# found theater loungers locally *but what make* pics and ?? inside



## s52e368 (Jan 11, 2010)

so i found these motorized loungers locally. set of three, convertible to single and loveseat. any help identifying ?

also note in the pic the pillow tops can come off for a more contempo look.

http://www.carlpardue.com/guest/Gallery/Theater/loungers/PLUG.JPG
http://www.carlpardue.com/guest/Gallery/Theater/loungers/Profile.JPG
http://www.carlpardue.com/guest/Gallery/Theater/loungers/front.JPG
http://www.carlpardue.com/guest/Gallery/Theater/loungers/front_opt.JPG


----------



## mechman (Feb 8, 2007)

I have no idea what they are Carl but they sure look nice. And welcome to the Shack by the way! :wave:


----------



## s52e368 (Jan 11, 2010)

thank you, im picking them up on friday this week..


----------



## tonyvdb (Sep 5, 2007)

The plug you show in the first picture looks like a European or non 120v plug are you over the big pond? Otherwise I doupt that the power recliners will work in North America.


----------



## s52e368 (Jan 11, 2010)

tonyvdb said:


> The plug you show in the first picture looks like a European or non 120v plug are you over the big pond? Otherwise I doupt that the power recliners will work in North America.


nope im in NC 
the motors are dual voltage and will work here.


----------



## s52e368 (Jan 11, 2010)

got em in and working only 2 required a 3$ plug adapter. 
ladies and gents the 3 row 5hundy electric loungers  
(changed the config to single and loveseat)


----------



## usrsld (Feb 3, 2009)

Looks great! Congratulations on a nice addition to your theater. Would like to see a couple more pictures.

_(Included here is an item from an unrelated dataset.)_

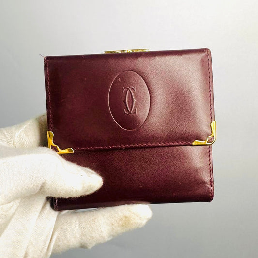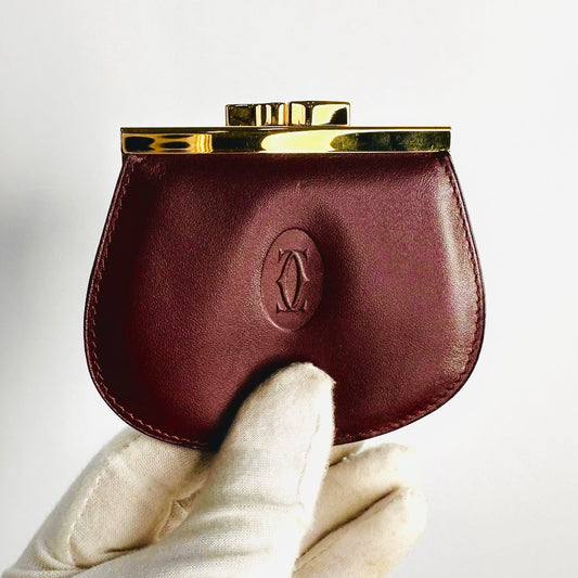 Cartier Must / Mast de Cartier Maroon Burgundy GHW Smooth Leather Kisslock Snap Coin Purse Compact Wallet

What size screen do you have and what's your eye distance from the screen?


----------



## s52e368 (Jan 11, 2010)

usrsld said:


> Looks great! Congratulations on a nice addition to your theater. Would like to see a couple more pictures.
> 
> What size screen do you have and what's your eye distance from the screen?


check my build thread out.


----------